- Born: c. 1050/1060
- Died: c. 1120
- Scientific career
- Fields: Logic
- Workplaces: University of Constantinople
- Academic advisors: John Italus
- Notable students: Michael of Ephesus

= Eustratius of Nicaea =

Eustratius of Nicaea (Εὐστράτιος; c. 1050/1060 – c. 1120) was a Byzantine scholar and metropolitan bishop of Nicaea. He wrote commentaries on Aristotle's second book of the Analytica Posteriora and the Ethica Nicomachea.

==Biography==
Eustratius was a pupil of John Italus, although he had deliberately dissociated himself from John's supposed heretical views when John was condemned around 1082. A few years after the trial of Italus, he wrote a dialogue and treatise on the use of icons directed against Leo, the bishop of Chalcedon, who had accused the emperor Alexios I Komnenos of sacrilege and iconoclasm in the way in which he had stripped the churches of gold to fund his wars. For this he gained the emperor Alexios I's friendship, and this probably helped him to become metropolitan bishop of Nicaea. Eustratius was said by Anna Comnena to have been wise both in mundane and in religious matters and especially expert in argument.

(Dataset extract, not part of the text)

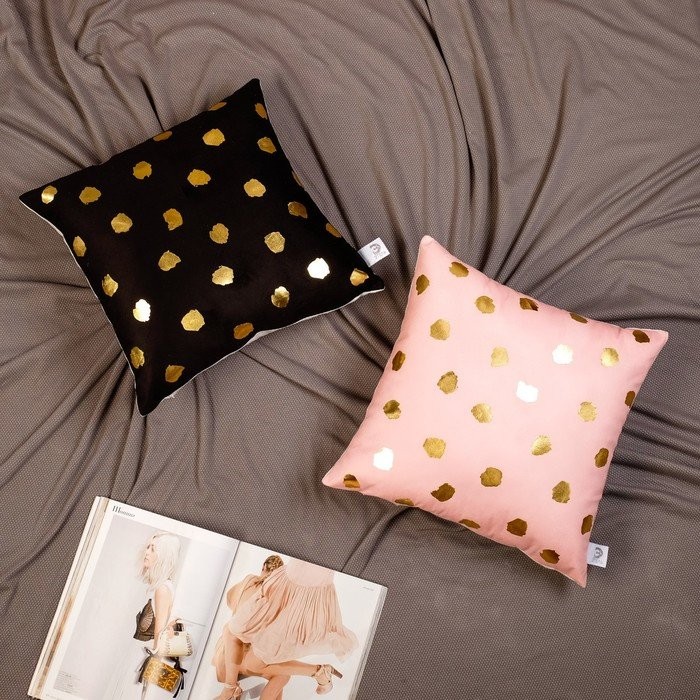 Подушка декоративная Этель «Горошек чёрный», 40×40 см, велюр, 100% п/э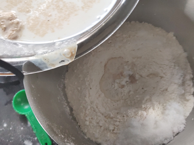 6:スタンドミキサーに、強力粉、砂糖を入れ、中央を窪ませましょう。

Nevertheless he found himself accused of heresy in 1117 and a charge was placed before the Synod of Constantinople which narrowly succeeded despite a defence by Patriarch John IX of Constantinople. As a result of the condemnation Eustratius was formally suspended for life and only rehabilitated after his death.

Two commentaries by Eustratius on the works of Aristotle survive:
- Commentary on the Posterior Analytics, book 2
- Commentary on the Nicomachean Ethics, books 1 and 6, found in vol. 20 of Commentaria in Aristotelem Graeca (CAG).